It's a lot like coming out of the bunker after a nuclear holocaust. Three weeks ago, Jetbrains, the purveyor of extraordinarily excellent development tools, announced that they were switching from perpetual licences to a subscription model. That's right, rather than buying a licence outright, you paid a regular fee (monthly or yearly) to keep using the product.
As you would expect, the user base went nuts. No, really, I've never seen anything quite like it. The staff were accused of being crooks, of setting up the customer base for a future of infinite price hikes, of fattening up the company for a sale to Oracle, of screwing their customers, basically. Many declared they would rather use Eclipse or Netbeans than bend their knee before the Many-Faced Subscription God.
Aside from the personal attacks, these folk did have a point. There were two fundamental flaws with this plan:
- No one liked the idea (no pun intended) that they could no longer have a perpetual licence to keep. The notion that the sofware would stop working simply because you stopped your subscription was the anthesis of … well … EVERYTHING! For me personally, this wasn't a problem. I pay for the IntelliJ upgrade every year, and this includes the years when Jetbrains do not include any functionality I need. I ponied up for the Android stuff, even though I have no intention of developing for the Android platform. Why? Because I believe that, for the cost of a night out with the chaps in London, it was worth giving Jetbrains a financial boost in order that they can continue developing tools essential for me to develop code on numerous platforms without tearing my hair out. So the change to subscription model wasn't going to make any difference, except that everything now became much cheaper. However, the subscription did come with one huge caveat, which leads me to point number two …
- The software would require an internet connection to keep running. Every so often, the IDE 'phones home' to check that a subscription is valid. But what if the developer isn't connected to the net when the dial home falls due. What if he works in a government department with restricted net access? What if, as I found with Adobe Creative Cloud before I deinstalled the whole bloated mess, it just doesn't work very well?
So after the uproar, Jetbrains went away, sat in a room for a week, and came back with The New World Order ver. 2.0. And they seemed to address the two fundamental problems:
- After paying for a year, you get to keep the licence.

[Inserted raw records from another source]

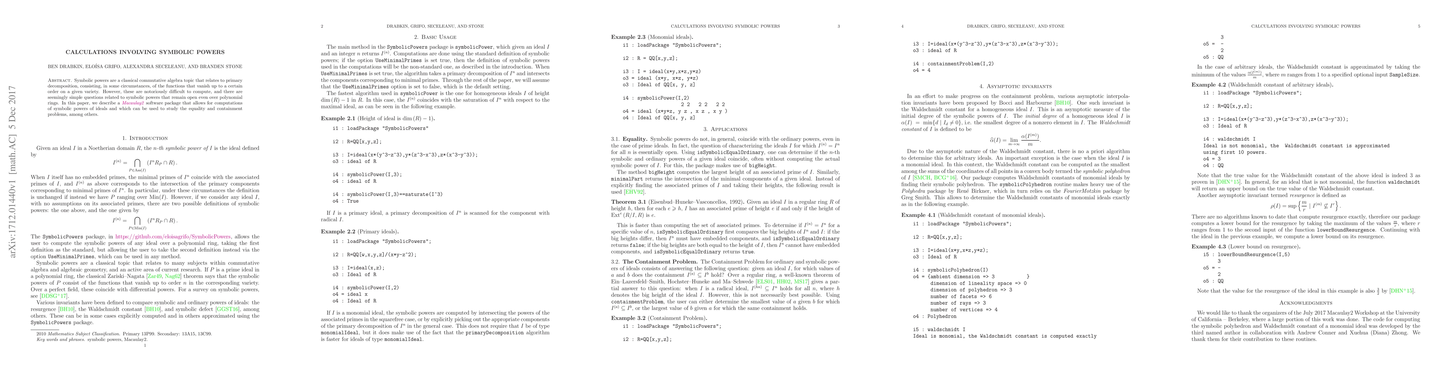 This paper introduces a Macaulay2 software package for computing symbolic powers of ideals, addressing longstanding difficulties in this area of commutative algebra, and provides tools for studying equality and containment problems.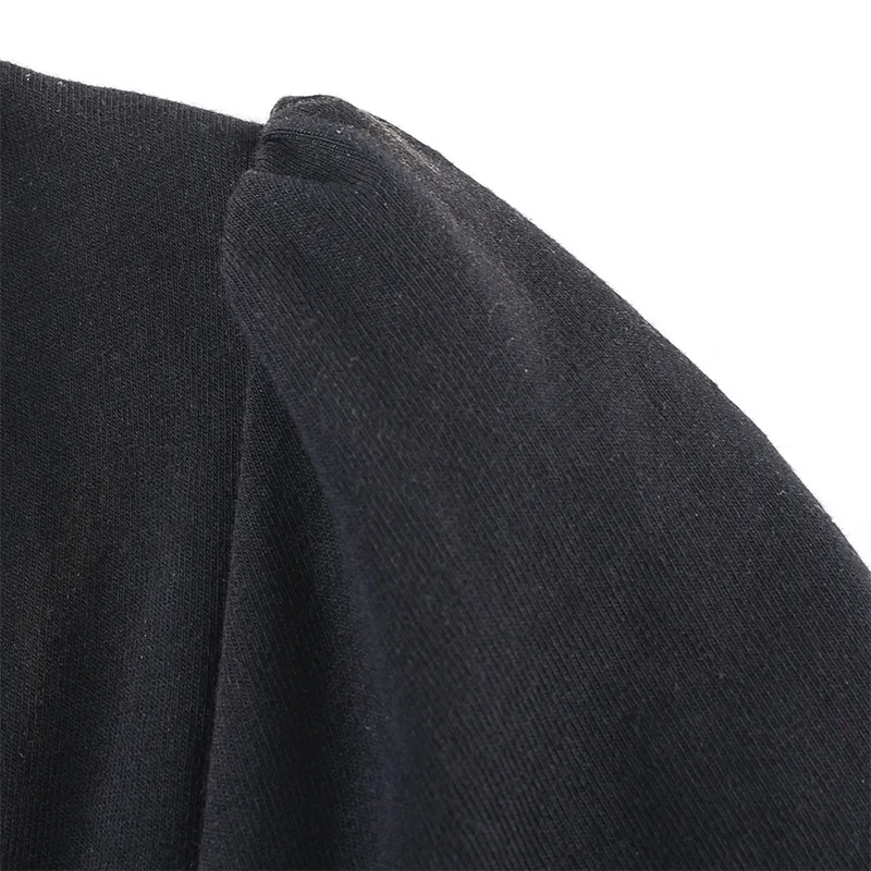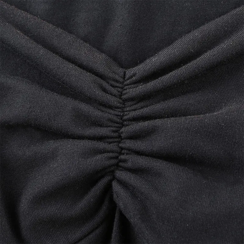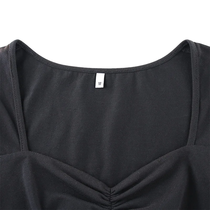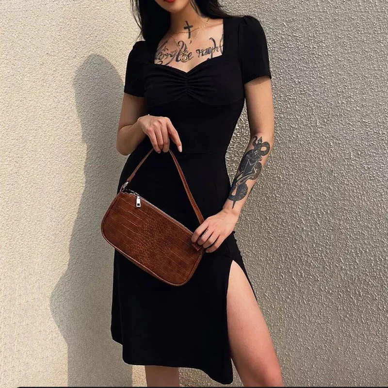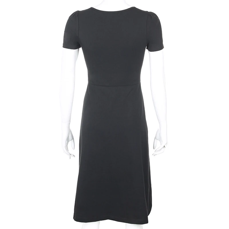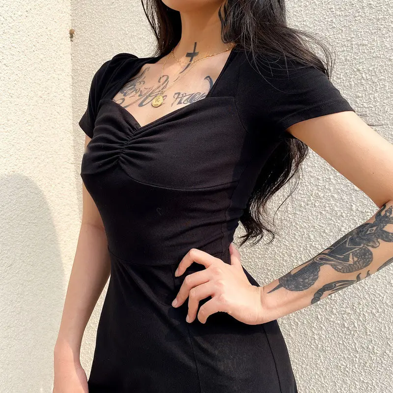 Square Neck Elegant Ruched Black Dress Side Split Short Sleeve Casual Dress Female Gothic Summer Dresses Sundress New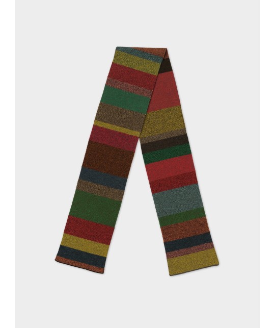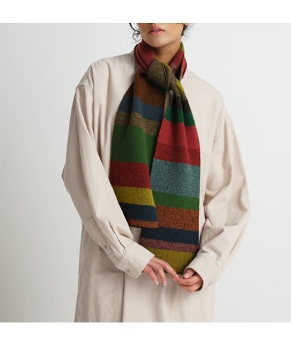 Multicolored jacquard knit scarf, tweed effect, ultra-soft lambswool. 155 x 16cm 100% Scottish RWS lambswool, GOTS-certified dyes.

Now this does come with one glaring condition: you keep the version you had at the start of the subscription. This means that any new functionality you have downloaded since the start of the subscription year would be removed. Yup, you'd be rolled back (though you get to keep maintenance versions containing bug fixes). More uproar. More wailing. More gnashing of teeth. Now there is a way around this: you simply pay for another year upfront and you get to keep the current version you have. This effectively makes the perpetual model twice as expensive as the the subscription model, so again, people aren't happy. Now, as much as they like to pretend they're objecting on some moral platform, morality doesn't really come into it. They said that they would rather pay more and keep the perpetual licence than sign up to a subscription; that is exactly what've got. What they're objecting to is paying much more than they wanted to. But, as Jetbrains promised, the choice is there. It's up to the individual to weigh up what suits them best. If you're not a frequent upgrader then pay for the perpetual license and skip a couple of versions (as you will have been doing anyway). If you're the sort of person (me!) who always wants the latest and greatest then the subscription model is the cheaper option.
- The 'phone home' thing is optional. You can install a licence yourself without the need for the internet. I imagine that would be quite a hassle if you're paying monthly though. Anyway, if that was a sticking point, it's gone.
So we're out of the bunker and I think Jetbrains will go ahead with this, no matter how many people claim that they will dump them as a company if they do. In order to push forward with new projects and maintain the old ones, the company needs to have a predictable revenue source. People paying one year and then skipping the next two doesn't really help with that. The initial announcement was poorly thought out and poorly handled. They should have cited their reasons before just dropping something like this on the community. Still, they've held up their hands, apologised and fixed the problems … so let's move on.